Ya see if you live your life thinking your identity is in what you do, who your related to, who your friends are, how successful you are, you will face one disappointment after another. You will feel lost time and time again because only God can tell you who you are and why he put you on this earth. He will be there for eternity. His love for you never changes.
For by him all things were created: things in heaven and on earth, visible and invisible, whether thrones or powers or rulers or authorities; all things (including us) were created by him and for him.
I know this is a common verse but listen to it carefully and let God speak to you
For I know the plans I have for you," declares the LORD, "plans to prosper you and not to harm you, plans to give you hope and a future.
Do you believe it? Do you believe God made you for a purpose? Are you willing to seek him to let him show you who you are?

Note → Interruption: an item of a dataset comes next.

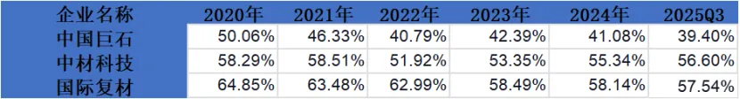 三家企业的资产负债率都具有一定的稳定性,但中国巨石的波动相对更小,说明其在债务管理策略上可能更为稳健和灵活,能够更好地应对市场变化和经营风险;国际复材和中材科技虽然也保持相对稳定,但较高的负债水平使其在面临市场波动时可能面临更大的财务压力。

This is one of my kids books. "You are Special" by Max Lucado. It gets me every time I read it.
Here's a link to the story online. Please take the time to read it.
- Are you willing to meet with your maker every day so he can remind you who you are and who he made you?
- Are you willing to believe that what he thinks is more important than what others think?
- Who could possibly know us better than who made us?
- Who could possibly love us more than who created us?
Follow up ideas...
Spiritual Gift Evaluation
Click here for an online test.
Ask others what gifts they see in you?
Have 5 of the closest people to you list gifts they see in you.
Then after praying over that list, ask God how he wants you to use your talents and gifts.
Meet with a youth leader or trusted friend and talk about what you discovered.
15 Minutes a Day
Spend 15 mins a day reading the Bible and praying. Can you give God 15 mins out of a whole day to fill you up? See if you can stop at that once you get going? :)
Read more about your purpose.
Read the Purpose Driven Life book by Rick Warren. I read this a long time ago and it's a great book on the topic of why we are here.
I hope you have discovered that a relationship with God, his love for you, who he made you and the purpose he gave you is eternal and nothing can take that away or change it.
I don't expect you have "arrived" at WHO YOU ARE by reading this. I do pray you will ask God to reveal it to you. The fun part about having a relationship with God is that he will reveal who you are and your purpose as you need to know it and as you can handle it. He won't speak when you aren't listening. So listen. He won't ask you to do more than what he's given you the ability to do. He made you who you are. He doesn't make mistakes. AND There's nothing wrong with having goals and dreams...just know where they are coming from. Are they for your glory or God's? God will bless you with more than you could have dreamed of if you just follow his lead. The relationships and roles you crossed out are added blessings from him because he loves you. Enjoy the journey with him and remember it's HIM who gave you life, made you uniquely you and gave you purpose. And THAT will NEVER change.
Romans 8:35, 38-39
Who shall separate us from the love of Christ? Shall trouble or hardship or persecution or famine or nakedness or danger or sword?
For I am convinced that neither death nor life, neither angels nor demons, neither the present nor the future, nor any powers, neither height nor depth, nor anything else in all creation, will be able to separate us from the love of God that is in Christ Jesus our Lord.